• Data for this task
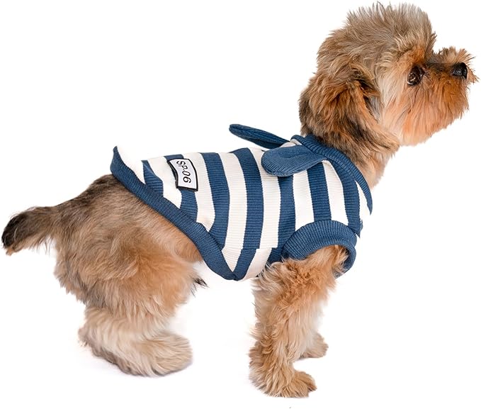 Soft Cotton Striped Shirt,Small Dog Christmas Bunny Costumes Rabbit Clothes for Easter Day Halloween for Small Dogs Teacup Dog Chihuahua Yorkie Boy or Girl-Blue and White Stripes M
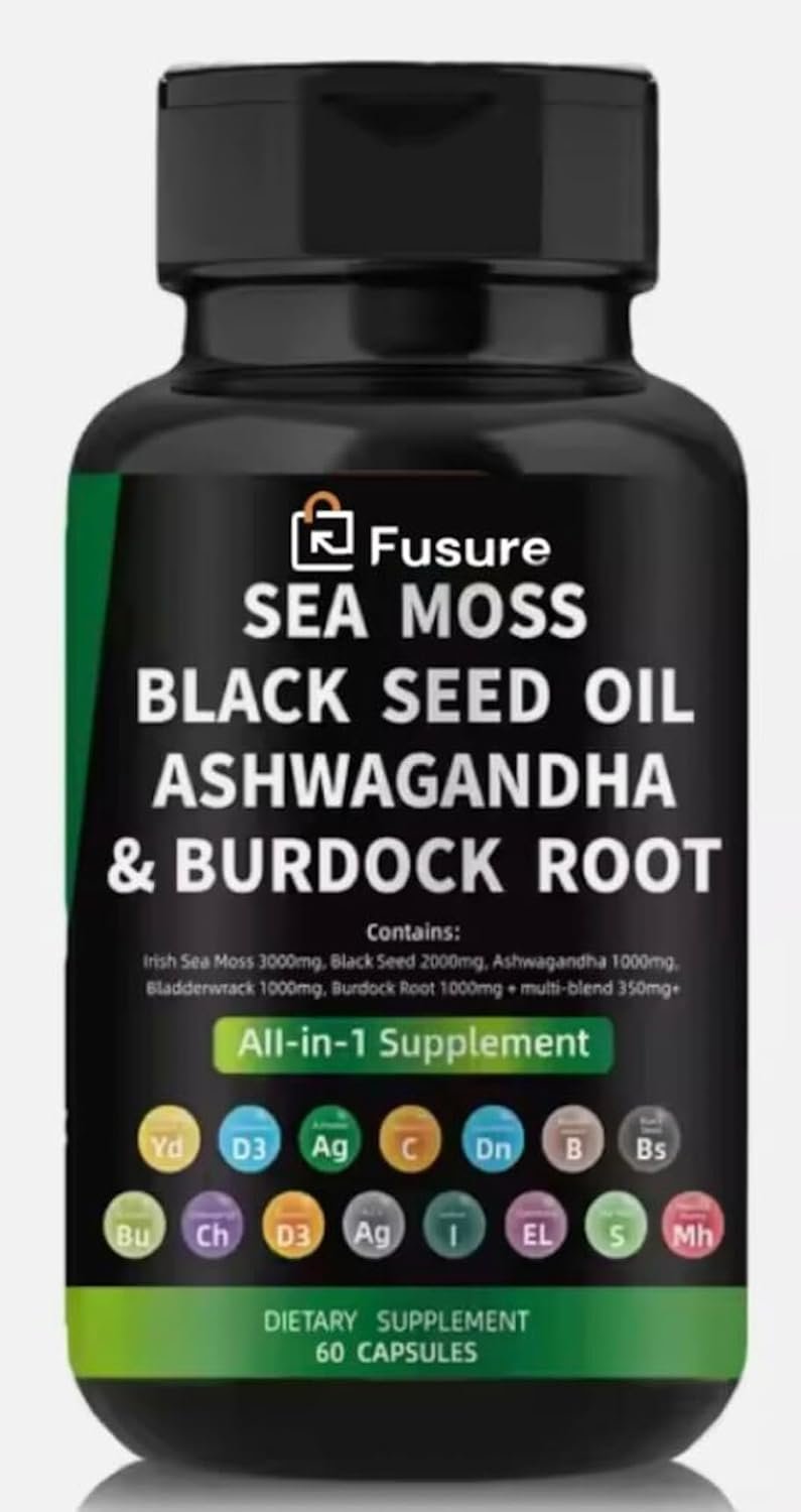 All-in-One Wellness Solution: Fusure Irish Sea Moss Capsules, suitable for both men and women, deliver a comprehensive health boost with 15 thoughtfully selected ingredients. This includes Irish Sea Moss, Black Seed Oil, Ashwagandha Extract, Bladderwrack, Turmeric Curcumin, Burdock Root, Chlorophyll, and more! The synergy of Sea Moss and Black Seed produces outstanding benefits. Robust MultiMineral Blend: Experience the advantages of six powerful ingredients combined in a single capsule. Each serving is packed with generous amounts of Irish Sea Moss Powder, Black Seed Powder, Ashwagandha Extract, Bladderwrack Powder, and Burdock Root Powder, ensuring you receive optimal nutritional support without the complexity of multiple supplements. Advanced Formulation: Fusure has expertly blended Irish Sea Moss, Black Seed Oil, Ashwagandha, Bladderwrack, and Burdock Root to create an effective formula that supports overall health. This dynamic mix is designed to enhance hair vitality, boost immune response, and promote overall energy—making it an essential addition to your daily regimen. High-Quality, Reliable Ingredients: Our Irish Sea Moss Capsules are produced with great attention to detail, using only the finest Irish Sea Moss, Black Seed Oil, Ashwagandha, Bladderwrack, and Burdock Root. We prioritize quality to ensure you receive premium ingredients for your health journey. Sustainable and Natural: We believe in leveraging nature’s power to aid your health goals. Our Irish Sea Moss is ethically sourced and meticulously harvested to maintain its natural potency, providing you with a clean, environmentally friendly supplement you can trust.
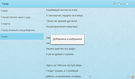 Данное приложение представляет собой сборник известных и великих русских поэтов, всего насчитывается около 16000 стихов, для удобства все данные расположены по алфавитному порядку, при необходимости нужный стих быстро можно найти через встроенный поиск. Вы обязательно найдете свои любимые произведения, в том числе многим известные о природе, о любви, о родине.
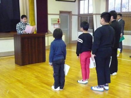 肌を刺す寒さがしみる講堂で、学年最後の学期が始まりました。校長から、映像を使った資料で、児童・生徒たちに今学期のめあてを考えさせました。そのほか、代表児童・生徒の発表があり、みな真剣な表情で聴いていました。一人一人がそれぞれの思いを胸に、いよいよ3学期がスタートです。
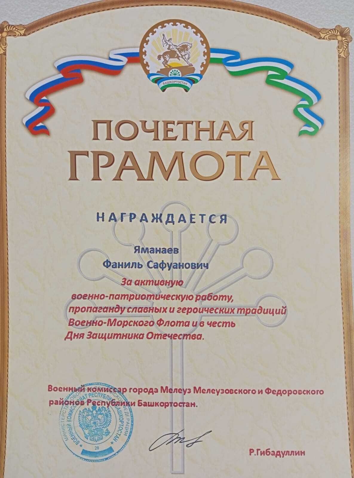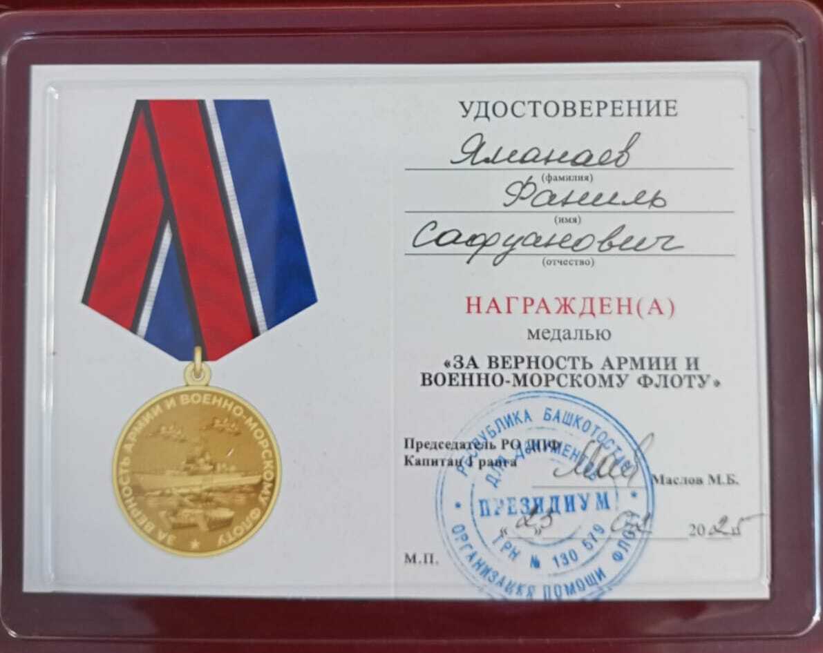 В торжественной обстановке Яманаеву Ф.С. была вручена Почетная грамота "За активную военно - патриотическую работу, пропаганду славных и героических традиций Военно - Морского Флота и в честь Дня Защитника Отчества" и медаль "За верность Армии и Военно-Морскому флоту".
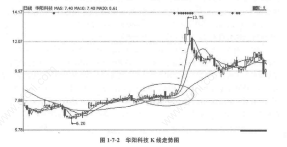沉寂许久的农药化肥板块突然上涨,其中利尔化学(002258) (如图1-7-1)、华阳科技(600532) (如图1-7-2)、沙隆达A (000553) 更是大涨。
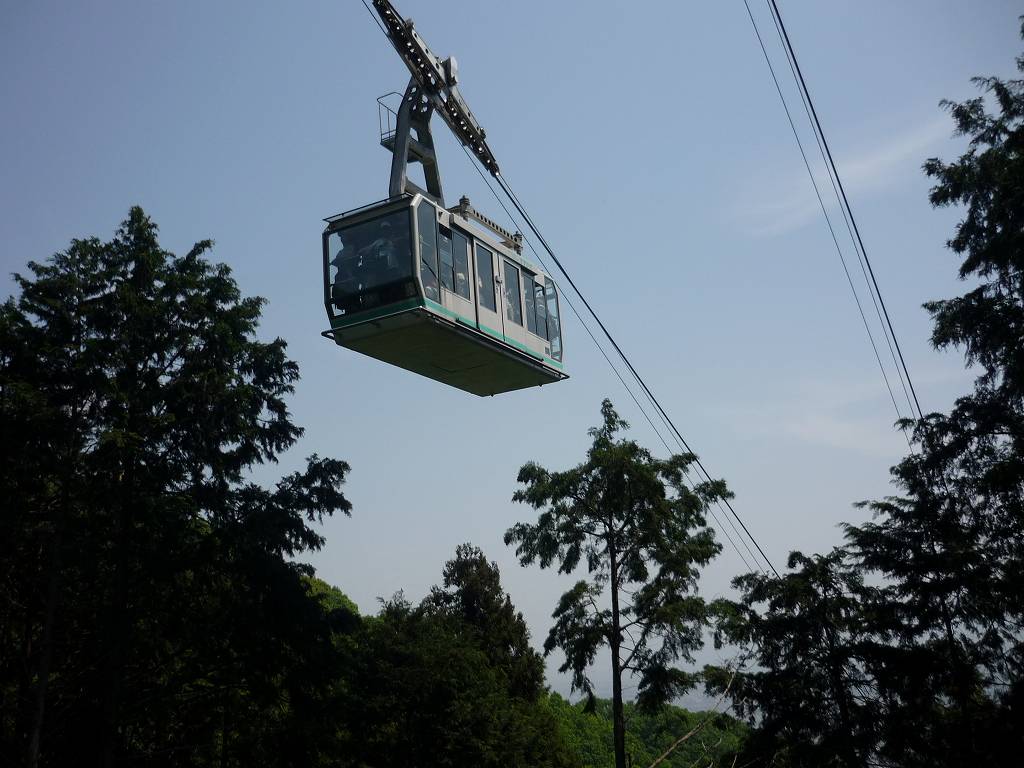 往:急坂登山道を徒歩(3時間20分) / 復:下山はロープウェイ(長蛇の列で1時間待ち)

• Your assignment
Range to copy from the records above: the line containing "Данное приложение представляет" to the line containing "肌を刺す寒さがしみる講堂で、", both included. Output those lines exactly and only those, skipping pictures.

• Response area
 Данное приложение представляет собой сборник известных и великих русских поэтов, всего насчитывается около 16000 стихов, для удобства все данные расположены по алфавитному порядку, при необходимости нужный стих быстро можно найти через встроенный поиск. Вы обязательно найдете свои любимые произведения, в том числе многим известные о природе, о любви, о родине.
 肌を刺す寒さがしみる講堂で、学年最後の学期が始まりました。校長から、映像を使った資料で、児童・生徒たちに今学期のめあてを考えさせました。そのほか、代表児童・生徒の発表があり、みな真剣な表情で聴いていました。一人一人がそれぞれの思いを胸に、いよいよ3学期がスタートです。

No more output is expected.